= Aim of the exercise =
Within the records that follow, restate exactly the lines from the line with "Permanent ink marks" down to the line with "Sandalo di Chie", including both. Omit the pictures.

= Provided data =
# # #
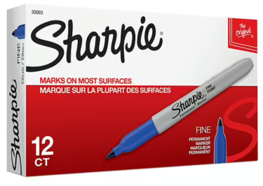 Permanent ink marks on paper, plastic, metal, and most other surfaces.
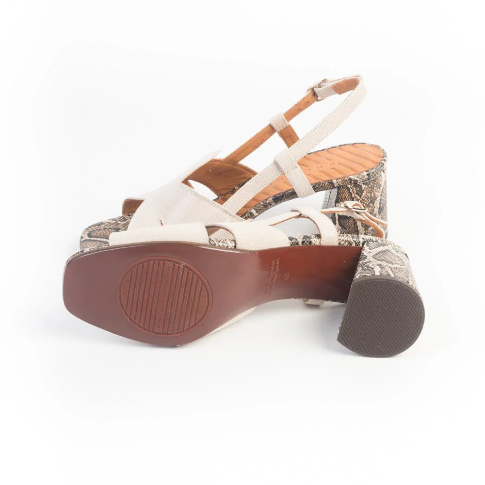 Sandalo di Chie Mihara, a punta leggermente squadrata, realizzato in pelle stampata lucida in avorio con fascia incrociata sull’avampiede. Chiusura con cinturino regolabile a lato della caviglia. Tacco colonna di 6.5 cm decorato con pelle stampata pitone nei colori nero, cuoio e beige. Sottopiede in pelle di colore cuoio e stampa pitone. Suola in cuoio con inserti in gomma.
# # #
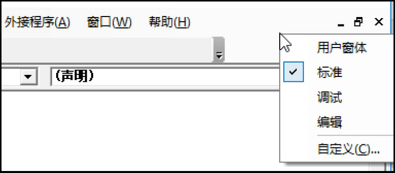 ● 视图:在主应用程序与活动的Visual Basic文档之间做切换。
# # #
= Result =
 Permanent ink marks on paper, plastic, metal, and most other surfaces.
 Sandalo di Chie Mihara, a punta leggermente squadrata, realizzato in pelle stampata lucida in avorio con fascia incrociata sull’avampiede. Chiusura con cinturino regolabile a lato della caviglia. Tacco colonna di 6.5 cm decorato con pelle stampata pitone nei colori nero, cuoio e beige. Sottopiede in pelle di colore cuoio e stampa pitone. Suola in cuoio con inserti in gomma.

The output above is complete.